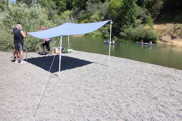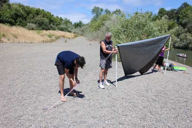 4. Repita el paso 3 para cada polo. Esto requerirá cierto grado de movimiento y ajuste de cada uno hasta que el refugio siente robusto.
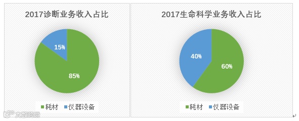 其实IVD行业包括仪器和耗材(包含试剂)。根据17年年报显示,生命科学和诊断业务的收入大部分来自于耗材而非仪器设备,这和其他三个巨头一样。2017年生命科学业务收入中耗材占60%,诊断业务中耗材占高达85%(如下图)。由此可以看出,耗材在诊断业务中的重要性。
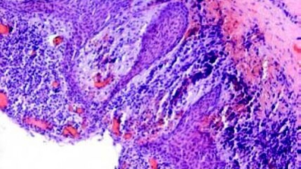 Die histopathologische Begutachtung der Präparate ergab ausgedehnte radikuläre Zysten (Abbildung 5). Bei der radiologischen Kontrolle nach einem halben Jahr zeigten sich die Radioluzenzen deutlich rückläufig, klinisch fanden sich unauffällige Verhältnisse.

**********

To do: Retype the entire listing exactly as it appears, dropping only the pictures.

Result of the exercise:
 4. Repita el paso 3 para cada polo. Esto requerirá cierto grado de movimiento y ajuste de cada uno hasta que el refugio siente robusto.
 其实IVD行业包括仪器和耗材(包含试剂)。根据17年年报显示,生命科学和诊断业务的收入大部分来自于耗材而非仪器设备,这和其他三个巨头一样。2017年生命科学业务收入中耗材占60%,诊断业务中耗材占高达85%(如下图)。由此可以看出,耗材在诊断业务中的重要性。
 Die histopathologische Begutachtung der Präparate ergab ausgedehnte radikuläre Zysten (Abbildung 5). Bei der radiologischen Kontrolle nach einem halben Jahr zeigten sich die Radioluzenzen deutlich rückläufig, klinisch fanden sich unauffällige Verhältnisse.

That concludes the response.